Steps to reproduce results on Librispeech

Instructions to reproduce

Run data and auxiliary files (like lexicon, tokens set, etc.) preparation (set necessary paths instead of [...]: data_dst path to data to store, model_dst path to auxiliary path to store).

pip install sentencepiece==0.1.82
python3 ../../utilities/prepare_librispeech_wp_and_official_lexicon.py --data_dst [...] --model_dst [...] --nbest 10 --wp 10000

Besides data the auxiliary files for acoustic and language models training/evaluation will be generated:

cd $MODEL_DST
tree -L 2
.
├── am
│   ├── librispeech-train-all-unigram-10000.model
│   ├── librispeech-train-all-unigram-10000.tokens
│   ├── librispeech-train-all-unigram-10000.vocab
│   ├── librispeech-train+dev-unigram-10000-nbest10.lexicon
│   ├── librispeech-train-unigram-10000-nbest10.lexicon
│   └── train.txt
└── decoder
    ├── 4-gram.arpa
    ├── 4-gram.arpa.lower
    └── decoder-unigram-10000-nbest10.lexicon

Dependencies

flashlight branch v0.2
[wav2letter] (https://github.com/flashlight/wav2letter/tree/v0.2) branch v0.2

AM training

Fix the paths inside train*.cfg
We are running acoustic model training with train*.cfg on 32 GPUs (--enable_distributed=true is set in the config).
Training is done on Librispeech 1k hours and LibriVox data (unsupervised for which we used generated pseudo labels from the End-to-end ASR: from Supervised to Semi-Supervised Learning with Modern Architectures).

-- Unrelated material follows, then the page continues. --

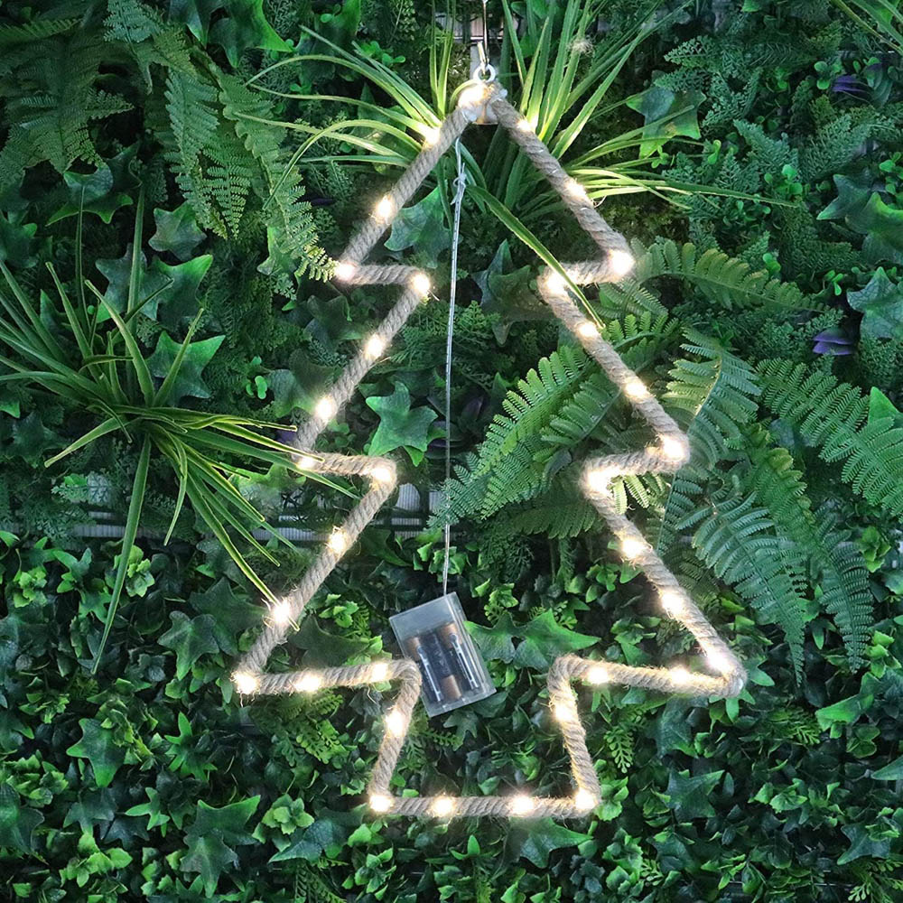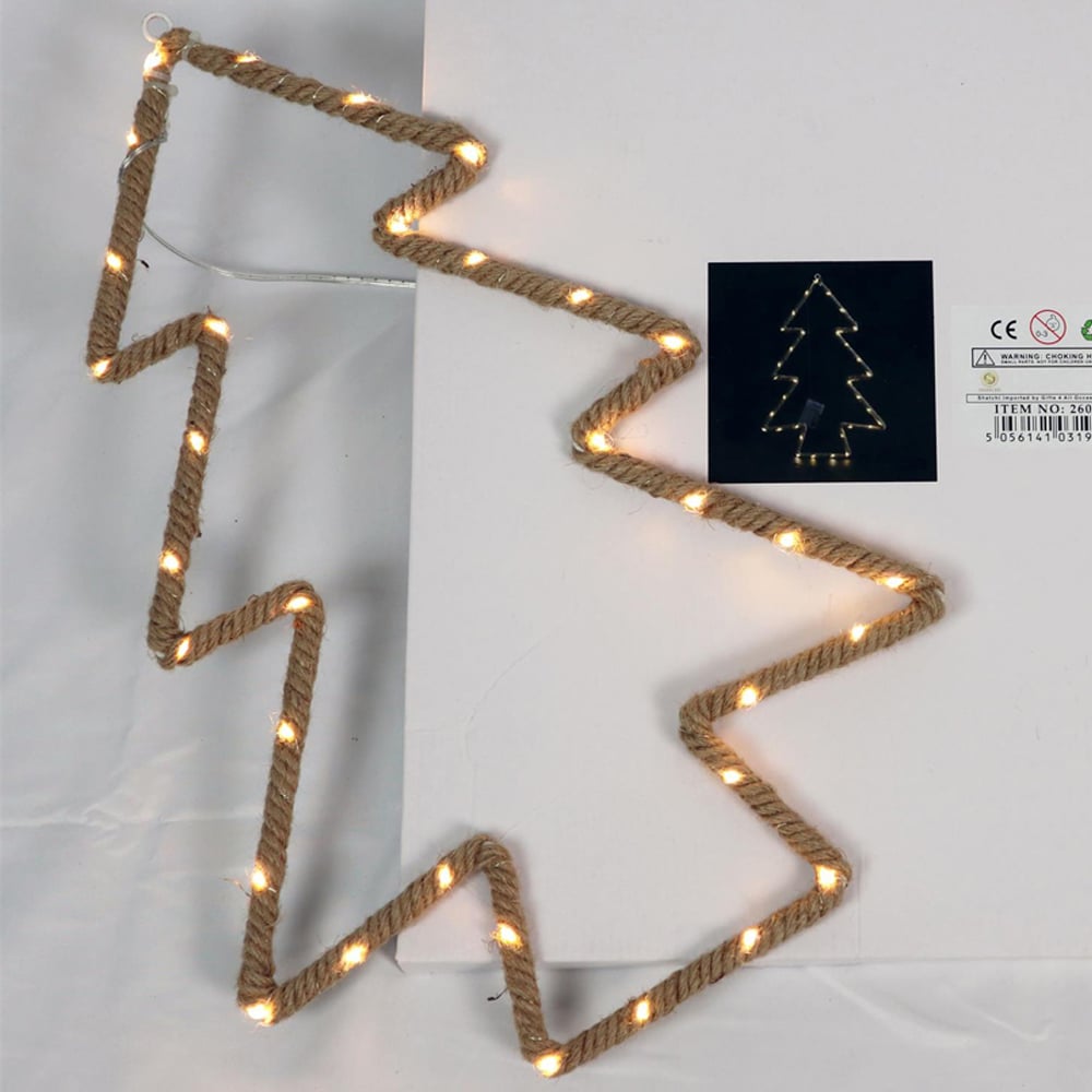 If you want to go for that earthy, bohemian aesthetic vibe for your interior, you might want to have a close look at our rope silhouette. It’s got that rustic look going and will be great for adding tasteful accent lighting to your home. Specifications: It consists twin bells-shaped metal frame wrapped with hemp rope and 33 warm white LED copper string lights. Light Colour: Warm White. Shape: Christmas tree. Size:- 34 x 50cm. Lead wire: 30cm. Battery Operated. 3 x AA Battery Required (Not Included).

# Trained during 110 epochs
[...]/wav2letter/build/Train train --flagsfile train_am_500ms_future_context.cfg --minloglevel=0 --logtostderr=1

LM downloading and quantization

source prepare_lms.sh [KENLM_PATH]/build/bin [DATA_DST]/decoder

Reproduce beam-search decoding

Fix the paths inside decoder*.cfg
Run decoding with decoder*.cfg

[...]/wav2letter/build/Decoder \
  --flagsfile decode_500ms_future_context_ngram_other.cfg \
  --lm=[DATA_DST]/decoder/3-gram.pruned.3e-7.bin.qt \
  --lmweight=0.5515838301157 \
  --wordscore=0.52526055643809

[...]/wav2letter/build/Decoder \
  --flagsfile decode_500ms_future_context_ngram_other.cfg \
  --lm=[DATA_DST]/decoder/3-gram.pruned.3e-7.bin \
  --lmweight=0.51947402167074 \
  --wordscore=0.47301996527186

[...]/wav2letter/build/Decoder \
  --flagsfile decode_500ms_future_context_ngram_other.cfg \
  --lm=[DATA_DST]/decoder/3-gram.pruned.1e-7.bin.qt \
  --lmweight=0.51427799804334 \
  --wordscore=0.17048767049287

[...]/wav2letter/build/Decoder \
  --flagsfile decode_500ms_future_context_ngram_other.cfg \
  --lm=[DATA_DST]/decoder/3-gram.pruned.1e-7.bin \
  --lmweight=0.53898245382313 \
  --wordscore=0.19015993862574

[...]/wav2letter/build/Decoder \
  --flagsfile decode_500ms_future_context_ngram_other.cfg \
  --lm=[DATA_DST]/decoder/3-gram.bin.qt \
  --lmweight=0.67470637680685 \
  --wordscore=0.62867952607587

[...]/wav2letter/build/Decoder \
  --flagsfile decode_500ms_future_context_ngram_other.cfg \
  --lm=[DATA_DST]/decoder/3-gram.bin \
  --lmweight=0.71651725207609 \
  --wordscore=0.83657565205108

[...]/wav2letter/build/Decoder \
  --flagsfile decode_500ms_future_context_ngram_other.cfg \
  --lm=[DATA_DST]/decoder/4-gram.bin.qt \
  --lmweight=0.70340747256672 \
  --wordscore=0.85688768944222

[...]/wav2letter/build/Decoder \
  --flagsfile decode_500ms_future_context_ngram_other.cfg \
  --lm=[DATA_DST]/decoder/4-gram.bin \
  --lmweight=0.71730466678122 \
  --wordscore=0.91529167643869

Pre-trained acoustic models

Below are pre-trained acoustic models which can be used to reproduce results from decoding.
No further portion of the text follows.